Just twelve months out from the Rugby World Cup, the mindset is no different. We hear snippets that they are working on a new attacking system, evolving once more. The overbearing influence of line speed in modern defensive systems requires a counter-balancing leap forward in attacking prowess.
That’s what the All Blacks are looking for, a style of attacking play that forces defences into a state of flux, where line speed becomes a weakness and triggers second-guessing.
“The biggest trend is being able to deal with all the linespeed and what variations you can put into your attack to punish that,” said All Blacks coach Steve Hansen before the match.
“We’ve talked about having a triple-threat game [run-pass-kick], and it’s having the ability to make good decisions with high-end skills.
In the first test against France, the All Blacks had fifty minutes of exploring before exploding with a bonanza of points. We saw them employ a number of different strategies but in the end, it was the same old plays off turnover ball and counter-attack that killed France.
The first ten minutes resembled the Highlanders playbook, with a kick-first and kick-second approach. Within the first ten minutes, Beauden Barrett had produced two grubbers in-behind and a cross-field chip, all within three consecutive touches. It was likely a ploy to slow down the early rush defence and get the defensive line turning.
After that initial burst, the kicks were shelved for the rest of the half as they tried to fall back into their patterns.
We saw elements of the 1-3-3-1 that Barrett runs at the Hurricanes, with Ryan Crotty and Jordie Barrett filling in as first receiver options. At times they struggled to get into a flow, with first phase errors and stout French defence causing turnovers.
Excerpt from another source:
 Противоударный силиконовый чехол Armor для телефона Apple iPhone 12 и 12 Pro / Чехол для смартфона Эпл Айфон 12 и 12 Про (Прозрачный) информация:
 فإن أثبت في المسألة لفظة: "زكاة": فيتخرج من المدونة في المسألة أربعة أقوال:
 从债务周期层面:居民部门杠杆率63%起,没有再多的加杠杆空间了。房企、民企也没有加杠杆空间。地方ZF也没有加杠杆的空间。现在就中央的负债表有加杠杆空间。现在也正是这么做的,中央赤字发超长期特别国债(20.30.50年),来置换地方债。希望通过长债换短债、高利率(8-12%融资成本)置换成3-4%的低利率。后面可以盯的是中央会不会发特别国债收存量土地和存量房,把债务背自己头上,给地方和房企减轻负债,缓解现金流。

Despite the teething issues, they cut the French open coming back to the left side after working to the right edge, a pattern the Hurricanes often find so much success with. Beauden Barrett finished in the corner on the next phase after Jordie’s line break. A try to Anton Lienert-Brown was disallowed but had similar lead-up work.
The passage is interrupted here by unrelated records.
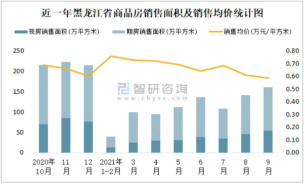 根據國家統計局數據統計可知:2021年9月黑龍江省商品房銷售面積為160.63萬平方米(其中銷售現房53.82萬平方米,期房106.81萬平方米),銷售額為94.36億元,銷售均價約為0.59萬元/平方米;2021年1-9月黑龍江省商品房累計銷售面積為889.94萬平方米,銷售面積累計同比增長5.8%,累計銷售額為587.66億元,銷售額累計同比下降8.1%;2014-2020年黑龍江省商品房總銷售面積2014年達到最高值,此后有所下滑,其中期房銷售面積大大高于現房銷售面積,銷售均價2019年達到最高值,此后有所下滑。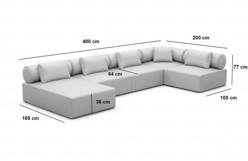 As a bonus, five decorative throw pillows are included to add the finishing touch to your Laguardia living area and create a stylish ambience that reflects your personality and taste. Experience comfort, functionality, and elegance in perfection with the Laguardia U-shaped fabric living area – the ideal addition to your home.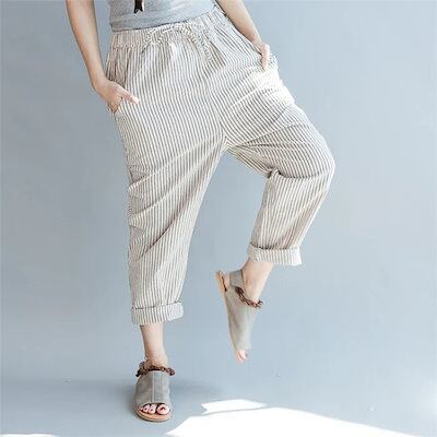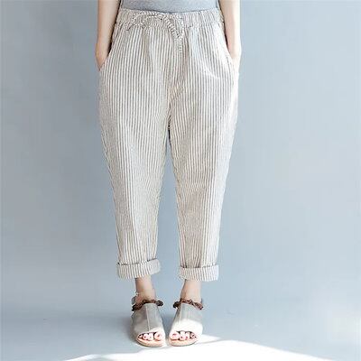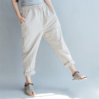 ボトムス 涼しい カジュアル ストライプ 春 サルエルパンツ ゆったり パンツ レディース サルエル 7分丈 夏
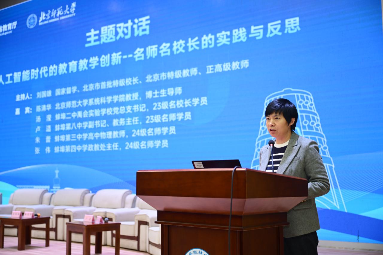 北京师范大学继续教育与教师培训学院党委副书记胡志峰在讲话中表示,北京师范大学作为安徽省“双名计划”的培养基地,始终秉持服务区域基础教育生态建设的战略思维,充分发挥高等教育龙头与基础教育基点的双重作用。通过“顶层设计-资源整合-实践转化”的实施路径,有效推动了区域高素质教师队伍建设,省校合作的名师名校长培养模式已取得良好成效。她指出,项目通过系统化培养,不仅促进了学员个体的卓越发展,更实现了从“输血”到“造血”的关键转变,并期望当地名师名校长培养对象能立足教育数字化转型的高地,将前沿理念与地方实践深度融合,开创更具引领性的教育实践。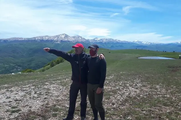 (Nella foto: Paolo Piacentini, a sinistra, con un amico inglese camminatore ed esperto dell'Appennino centrale, sui Monti Sibillini, nelle Marche)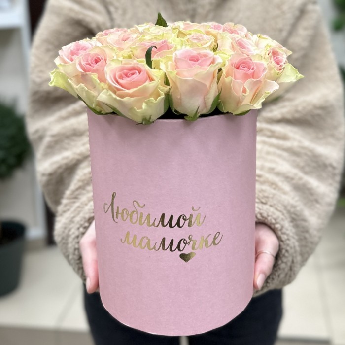 Букет из нежных роз в шляпной коробке Любимой Мамочке станет оригинальным подарком, в День Матери.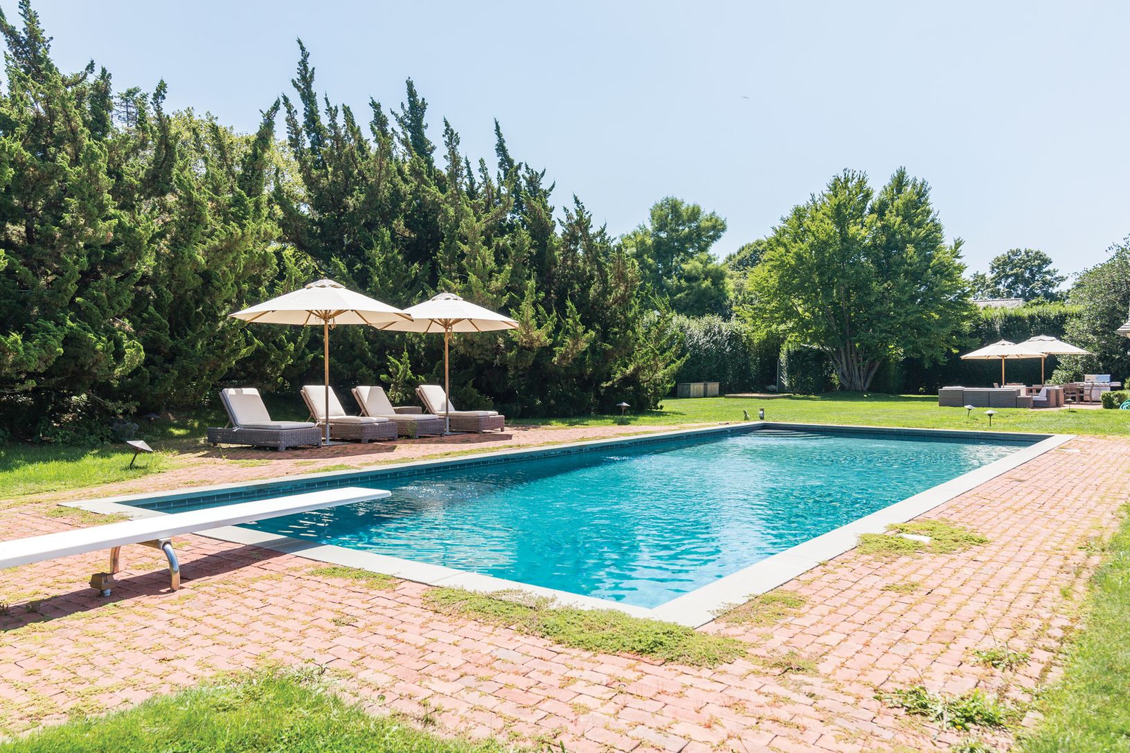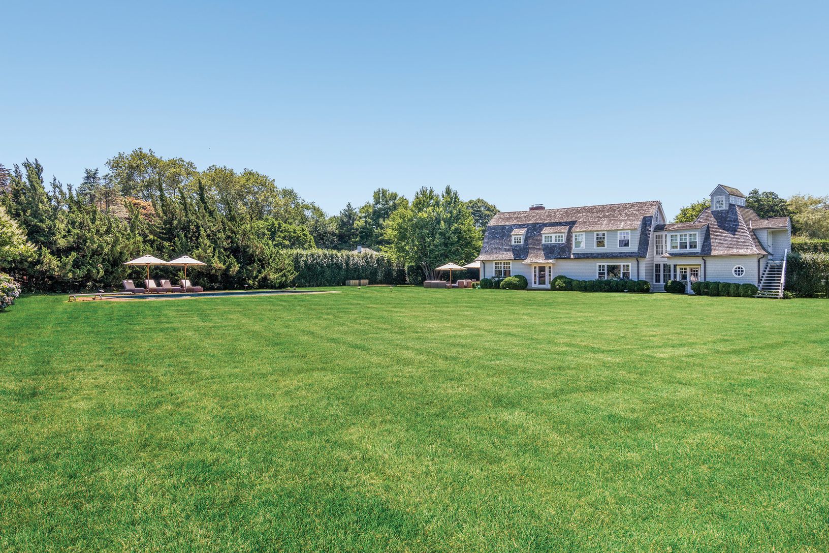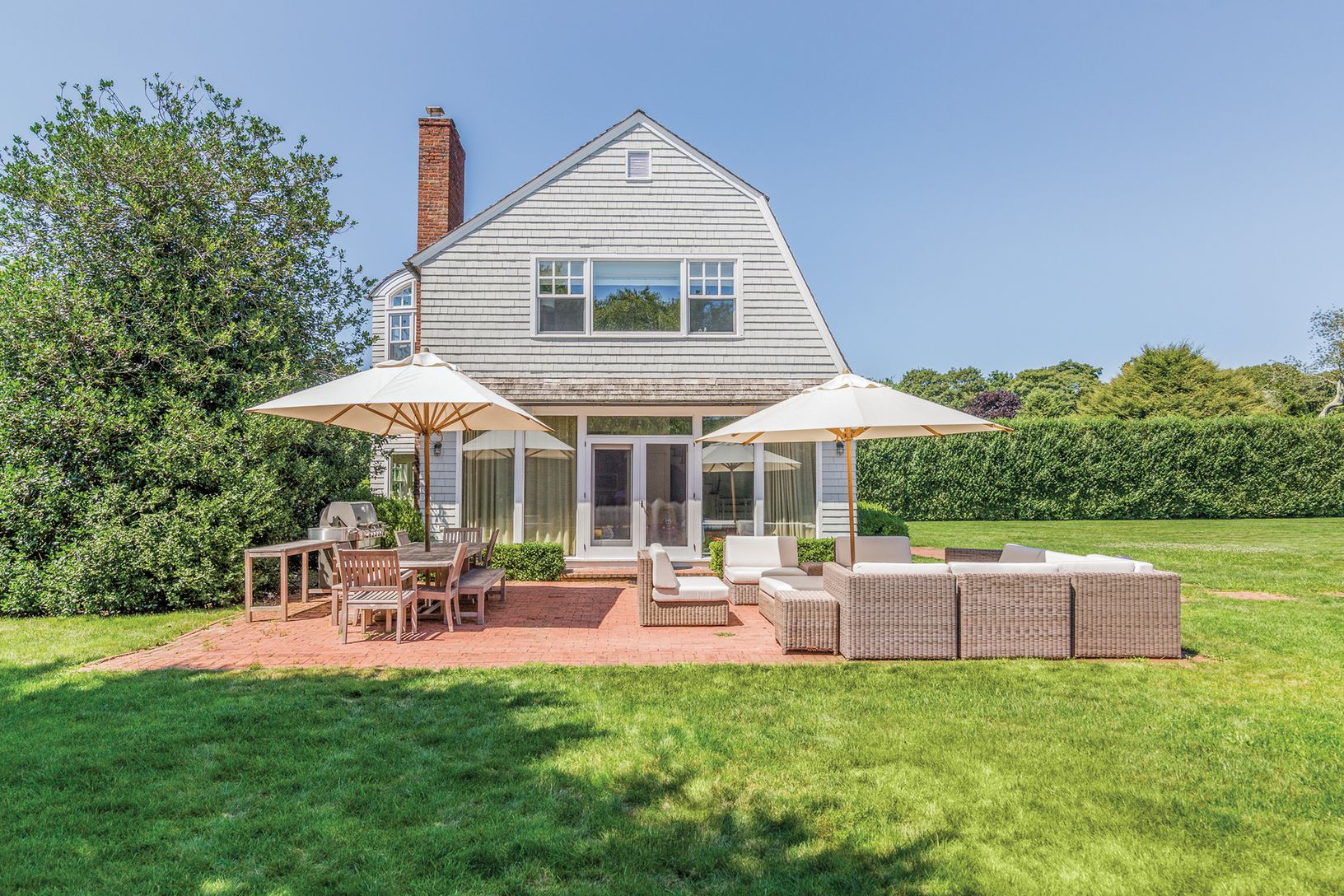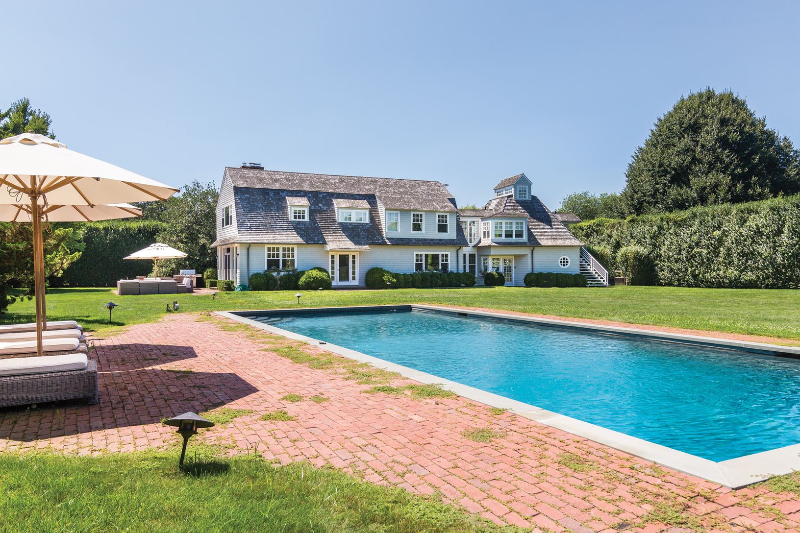 Spend the summer by the beach in East Hamptons famed estate section. This five bedroom, three and a half bath home is located on an expansive property at the end of a long drive way just a block off Lily Pond Lane. Soak in the sun before cooling off in the oversized, heated gunite pool or relax and barbecue on the patio after a long day at the beach. There's plenty of room for games on the huge manicured back lawn, all of which is surrounded b

They employed the same kicking tactics again early in the second half, with frequent short kicks that paid dividends when Codie Taylor crossed after a deft left-foot grubber by Barrett.
Then it was Aaron Smith taking over, with back-to-back box kicks that pinned the French into their own five. The quick lineout off the back of France’s exit broke the game open as Ben Smith scored from basic catch-pass movement to the edge.
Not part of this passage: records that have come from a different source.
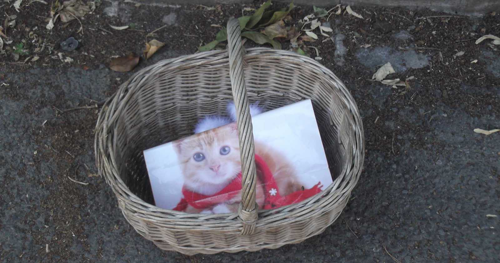hittem, hogy egy cica ül a kosárban.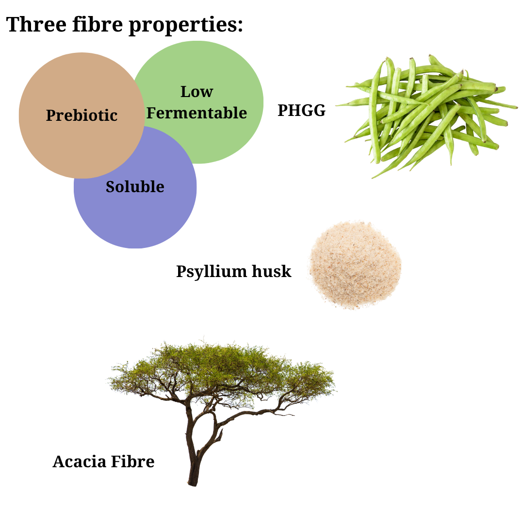 Together, these three fibres complement each other by combining gel-forming, soluble bulking with prebiotic effects.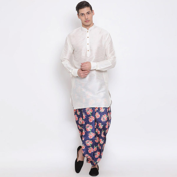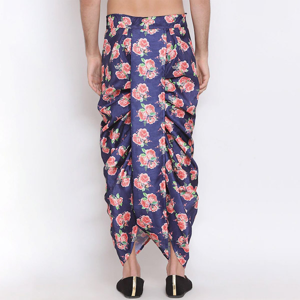 - Navy blue dhoti pants with intricate embroidery detailing, has an elasticated waistband with slip-on closure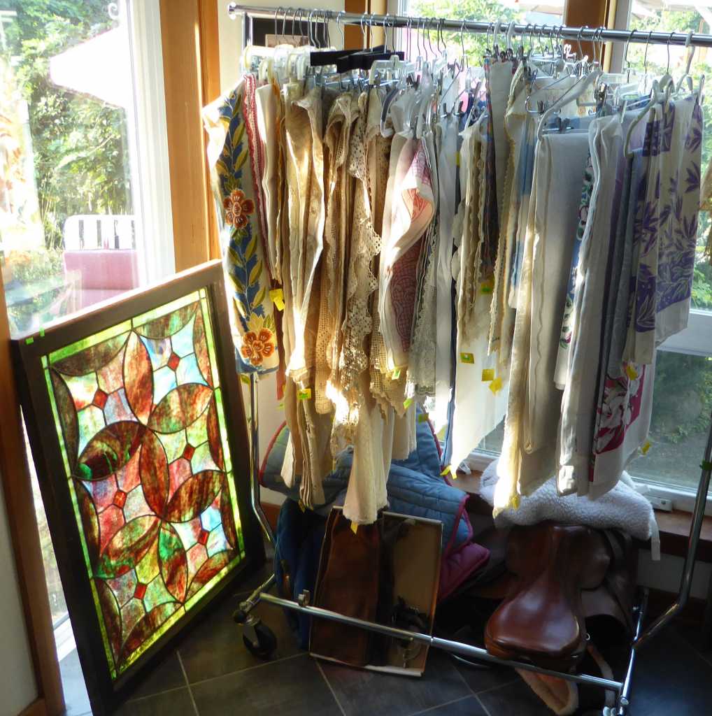 Fun & eclectic sale throughout this charming home! Friday, Saturday & Sunday, 11:00 a.m. to 4:00 p.m., gorgeous teak Benny Linden dining set, antique sideboard, chest-of-drawers & chifferobe, industrial oak card file cabinet, primitive desk, 1905 architectural salvage doors, stained glass windows & tiffany style light fixture, unique vintage clothing & jewelry, original art, oodles of ephemera (sheet music, 1930's magazines, postcards, etc.), interesting books, LP's (jazz, blues & rock), sewing notions, tailor's dress forms, antique sewing machines, wool carpets, wall mirrors, bauer, pacific, blue willow & lots of other antique pottery & dinnerware, American Brilliant-cut crystal, cast iron, enamelware, Champion juicer, food dehydrator, vintage linens & quilts, primitive musical instruments, vintage dolls, home salon facial steamer & portable sink, Commercial Cool Room air conditioner, Avanti saddle, Specialized Sirrus bicycle, patio set, vintage lawn furniture, lots of potted plants, cacti & planters, yard decor, yard & hand tools, Ryobi Brushless lawnmower, manual push-mower, extension ladder & more!

From there, it was a landslide of points as McKenzie burst through on a scything 60-metre run following a turnover. Then he went off again on the very next kickoff to set up a barnstorming try for Ngani Laumape. Rieko Ioane bagged a double with a long-range intercept and Ardie Savea finished the job with a pick’n’go try.
When it was all over the French were more than defeated, absolutely demoralised.
France’s line speed never really materialized and completely fell apart in the second stanza. As a result, we didn’t see a new All Blacks attack, just the same things they have always been good at. The frequency of tries minute after minute in the second half didn’t allow the All Blacks to hold the ball long enough to experiment with new structures.
The reality is the avalanche of points cannot be solely blamed on a ten minute period where France was down to 14-men. They were destroyed in every facet of the game. They failed to adequately transition in defence, made poor decisions, took bad angles, and left inexcusable overlaps due to bad spacing. The biggest worry is the edge defence, where the All Blacks ran roughshod over them in the second half.
France’s biggest hope to level the series is treacherous conditions as a leveler, where their brutality-based game can flourish in slow conditions. That might help them in the second test in Wellington, but it won’t save them under the roof of Dunedin.
Instead of finding a new attacking style the All Blacks found that France are still France, and they will fall apart when things don’t go their way.